First, admit that we fail. Perhaps the most accessible was what they called ‘Failure Friday’. The team reflects on their week and shares one success, one failure, and one thing that confused them. The idea is that you institutionalise a culture of openness and learning.

The team also said that the problem with innovation in development planning is that we tend to think big. So by the time we recognise something is not working, we have already invested a great deal of money, time and reputation. The play pumps are a good example, the project behind them had reportedly raised US$1 million by the time it was clear they would not work. Instead, we need to plan to fail fast and fail cheap as we go.

The team also talks about having a portfolio of options, areas of work that they want to monitor and test. This is not the same as having a five-year strategy but more like a set of preoccupations that you want to invest in.

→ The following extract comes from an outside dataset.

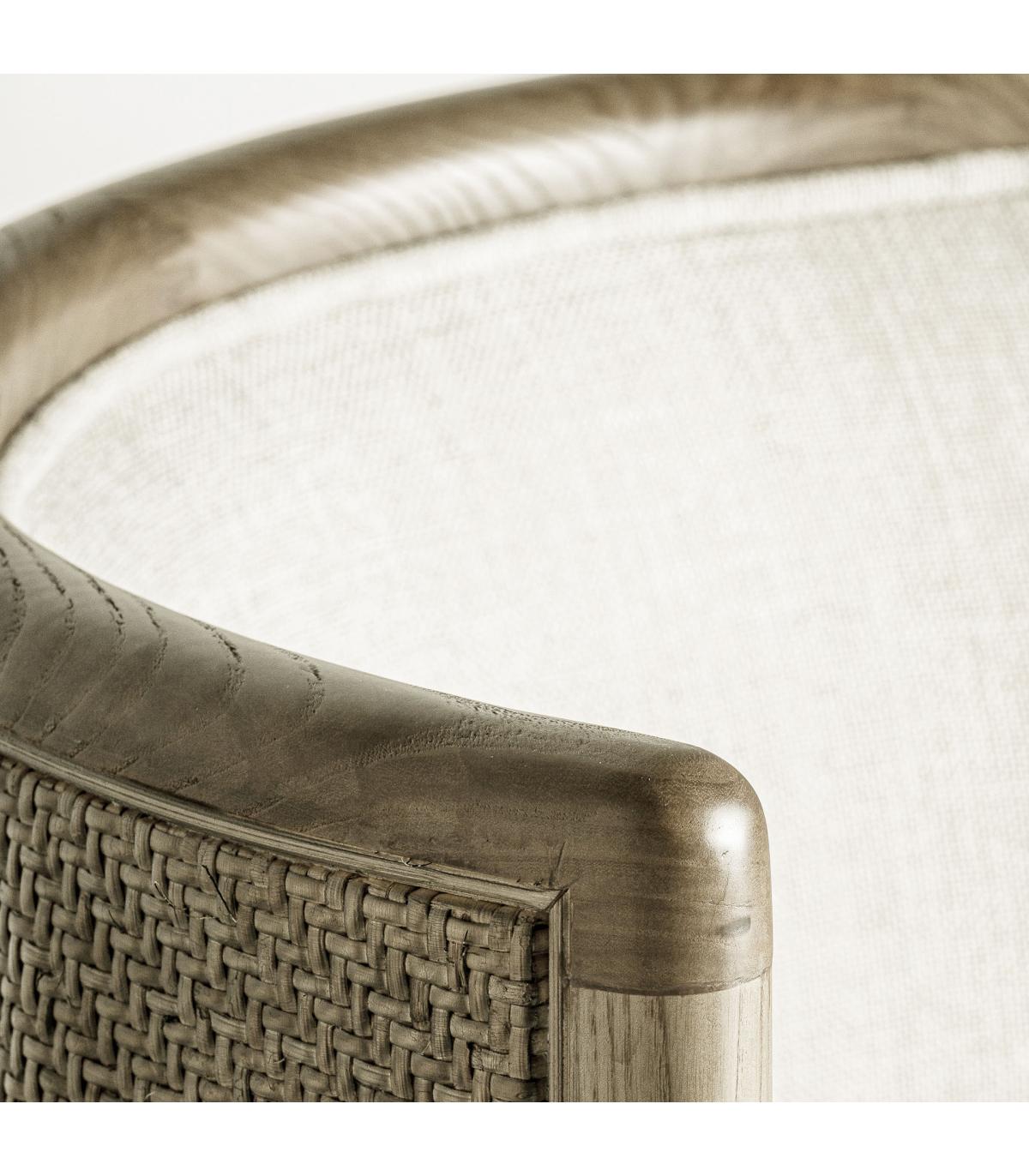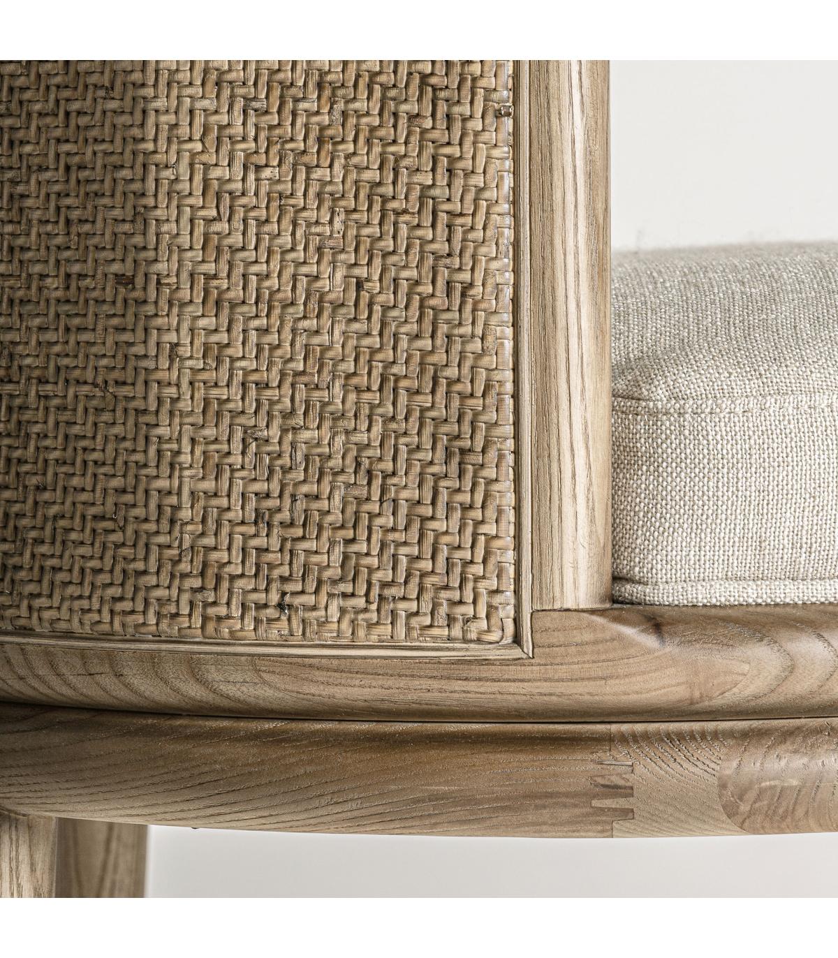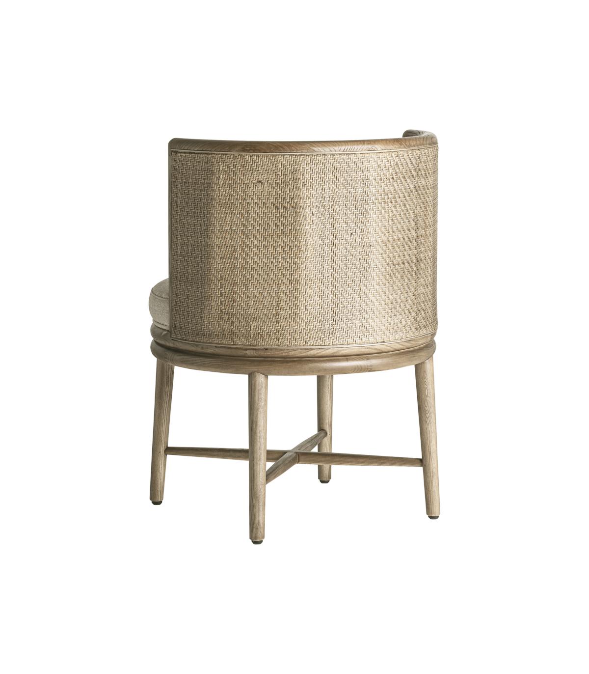 Silla varaire de estilo colonial fabricado en madera roble en color marrón combinado con poliéster en color blanco.

Finally, they are looking at changing the structural relationship between development and the private and technology sectors. So they have started a ‘venture capital-like’ project within UNICEF and will be bringing Silicon Valley incubator firms to UNICEF funding meetings. Reflecting an awareness that development goals need more than the development industry.

It might be easier for UNICEF to do this than many other agencies. They have an enormous unrestricted funding base through their individual donation campaigns and they work in an area of such strong universal appeal — providing tangible help to needy children — that they have enviable resilience and space to take risks.

But the truth is any development agency would need a better excuse than UNICEF’s funding mix not to start ‘Failure Friday’.